=== Problem requirements ===
Transcribe the entries exactly as given and skip whatever images they hold.

(Collected data entries)
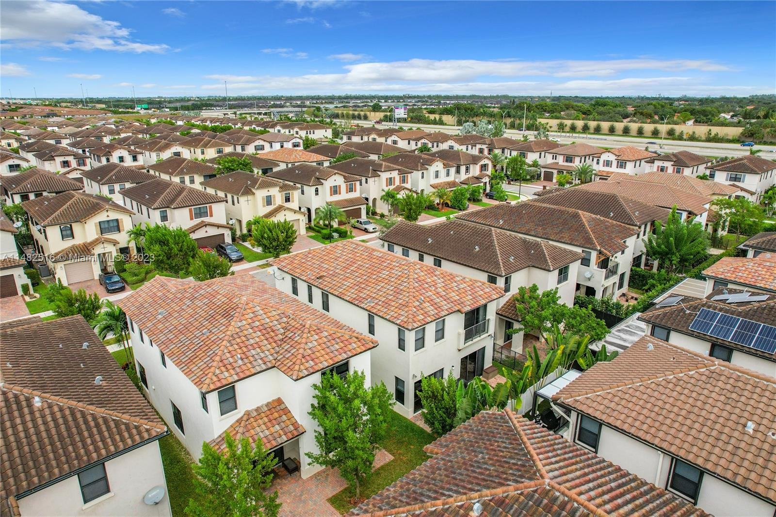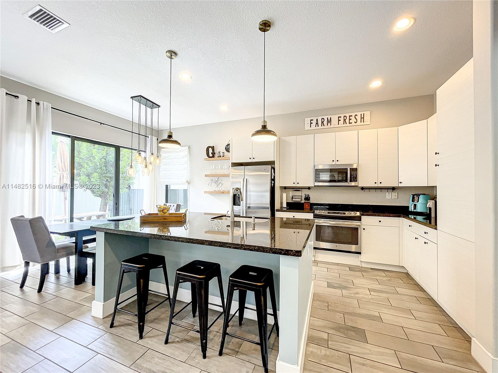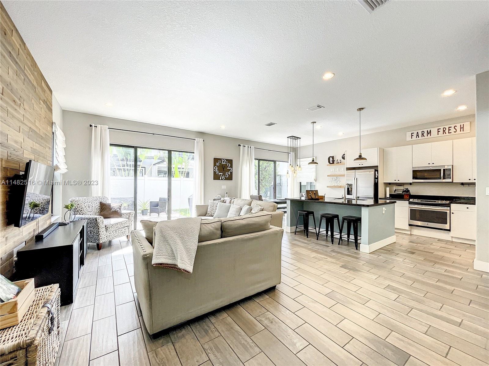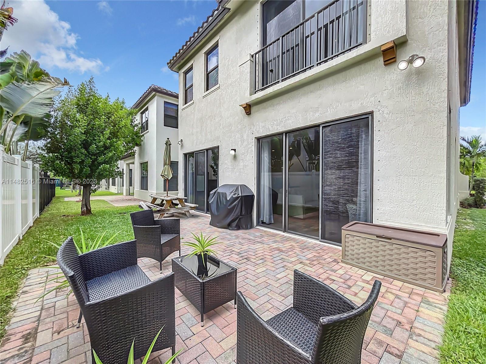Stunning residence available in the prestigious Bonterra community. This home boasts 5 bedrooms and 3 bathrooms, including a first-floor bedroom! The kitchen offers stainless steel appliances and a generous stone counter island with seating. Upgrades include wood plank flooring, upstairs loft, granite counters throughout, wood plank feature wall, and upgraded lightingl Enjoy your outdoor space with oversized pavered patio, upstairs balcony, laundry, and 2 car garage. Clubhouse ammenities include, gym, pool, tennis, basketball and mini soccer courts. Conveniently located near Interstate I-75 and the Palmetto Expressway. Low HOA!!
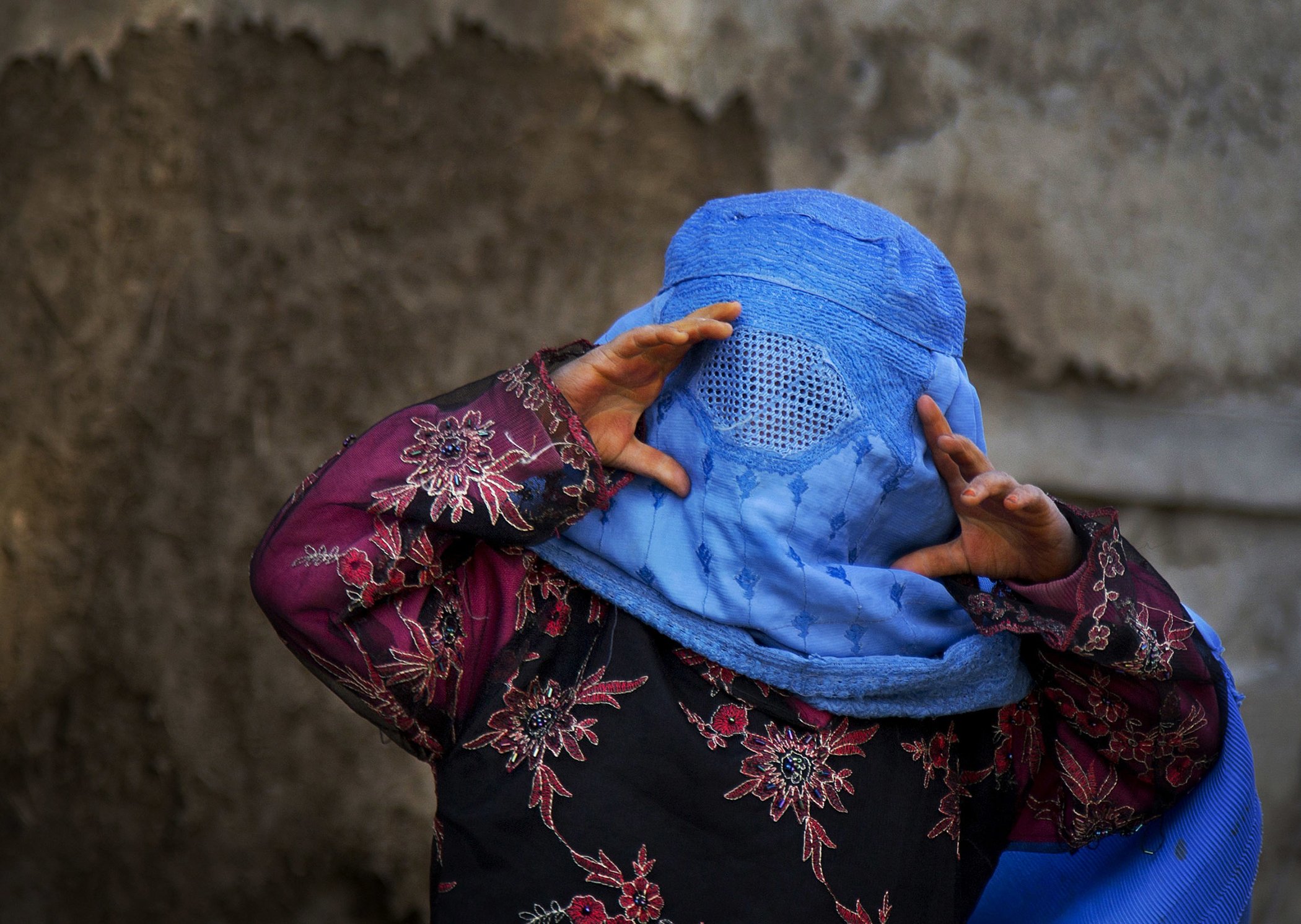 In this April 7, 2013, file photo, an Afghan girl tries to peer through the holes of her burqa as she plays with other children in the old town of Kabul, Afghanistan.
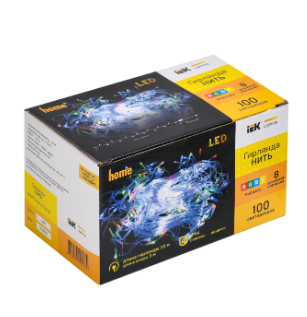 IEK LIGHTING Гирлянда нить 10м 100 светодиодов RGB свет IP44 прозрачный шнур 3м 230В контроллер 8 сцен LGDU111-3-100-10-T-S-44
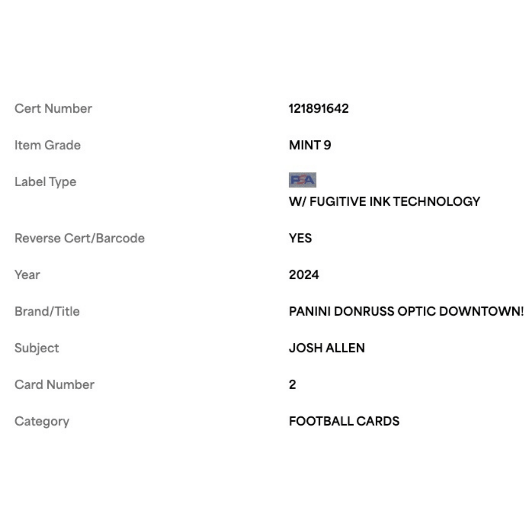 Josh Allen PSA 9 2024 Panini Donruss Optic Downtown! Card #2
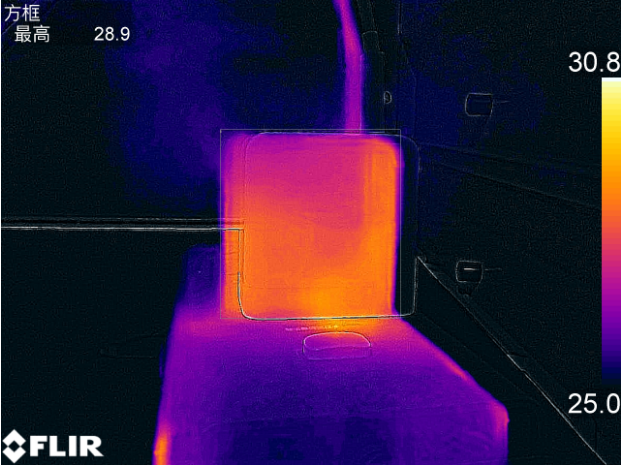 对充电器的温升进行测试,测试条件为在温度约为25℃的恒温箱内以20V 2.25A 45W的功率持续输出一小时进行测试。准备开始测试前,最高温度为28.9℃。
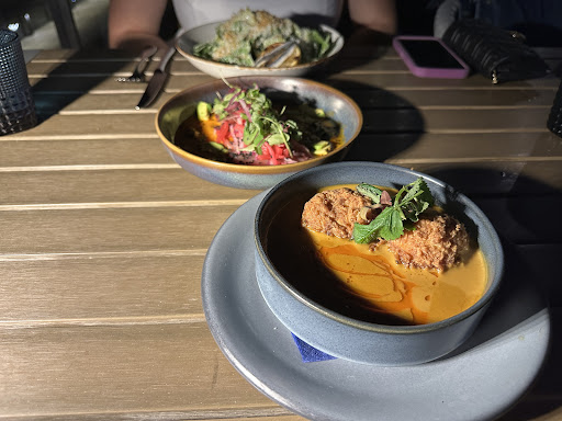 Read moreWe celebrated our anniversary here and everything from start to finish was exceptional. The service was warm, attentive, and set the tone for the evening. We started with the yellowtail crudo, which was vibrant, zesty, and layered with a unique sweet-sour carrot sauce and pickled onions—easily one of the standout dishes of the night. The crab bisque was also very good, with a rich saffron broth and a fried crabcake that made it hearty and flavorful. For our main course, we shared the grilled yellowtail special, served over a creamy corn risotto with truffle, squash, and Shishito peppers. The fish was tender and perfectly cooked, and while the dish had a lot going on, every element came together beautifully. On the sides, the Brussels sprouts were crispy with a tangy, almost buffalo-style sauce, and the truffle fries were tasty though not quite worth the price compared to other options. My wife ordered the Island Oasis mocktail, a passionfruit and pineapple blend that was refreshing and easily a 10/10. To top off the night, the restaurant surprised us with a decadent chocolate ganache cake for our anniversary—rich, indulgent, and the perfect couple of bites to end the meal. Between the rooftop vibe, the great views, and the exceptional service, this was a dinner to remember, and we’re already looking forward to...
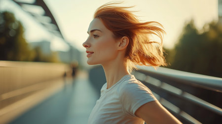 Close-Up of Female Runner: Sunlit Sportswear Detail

=== Answer to this problem ===
Stunning residence available in the prestigious Bonterra community. This home boasts 5 bedrooms and 3 bathrooms, including a first-floor bedroom! The kitchen offers stainless steel appliances and a generous stone counter island with seating. Upgrades include wood plank flooring, upstairs loft, granite counters throughout, wood plank feature wall, and upgraded lightingl Enjoy your outdoor space with oversized pavered patio, upstairs balcony, laundry, and 2 car garage. Clubhouse ammenities include, gym, pool, tennis, basketball and mini soccer courts. Conveniently located near Interstate I-75 and the Palmetto Expressway. Low HOA!!
 In this April 7, 2013, file photo, an Afghan girl tries to peer through the holes of her burqa as she plays with other children in the old town of Kabul, Afghanistan.
 IEK LIGHTING Гирлянда нить 10м 100 светодиодов RGB свет IP44 прозрачный шнур 3м 230В контроллер 8 сцен LGDU111-3-100-10-T-S-44
 Josh Allen PSA 9 2024 Panini Donruss Optic Downtown! Card #2
 对充电器的温升进行测试,测试条件为在温度约为25℃的恒温箱内以20V 2.25A 45W的功率持续输出一小时进行测试。准备开始测试前,最高温度为28.9℃。
 Read moreWe celebrated our anniversary here and everything from start to finish was exceptional. The service was warm, attentive, and set the tone for the evening. We started with the yellowtail crudo, which was vibrant, zesty, and layered with a unique sweet-sour carrot sauce and pickled onions—easily one of the standout dishes of the night. The crab bisque was also very good, with a rich saffron broth and a fried crabcake that made it hearty and flavorful. For our main course, we shared the grilled yellowtail special, served over a creamy corn risotto with truffle, squash, and Shishito peppers. The fish was tender and perfectly cooked, and while the dish had a lot going on, every element came together beautifully. On the sides, the Brussels sprouts were crispy with a tangy, almost buffalo-style sauce, and the truffle fries were tasty though not quite worth the price compared to other options. My wife ordered the Island Oasis mocktail, a passionfruit and pineapple blend that was refreshing and easily a 10/10. To top off the night, the restaurant surprised us with a decadent chocolate ganache cake for our anniversary—rich, indulgent, and the perfect couple of bites to end the meal. Between the rooftop vibe, the great views, and the exceptional service, this was a dinner to remember, and we’re already looking forward to...
 Close-Up of Female Runner: Sunlit Sportswear Detail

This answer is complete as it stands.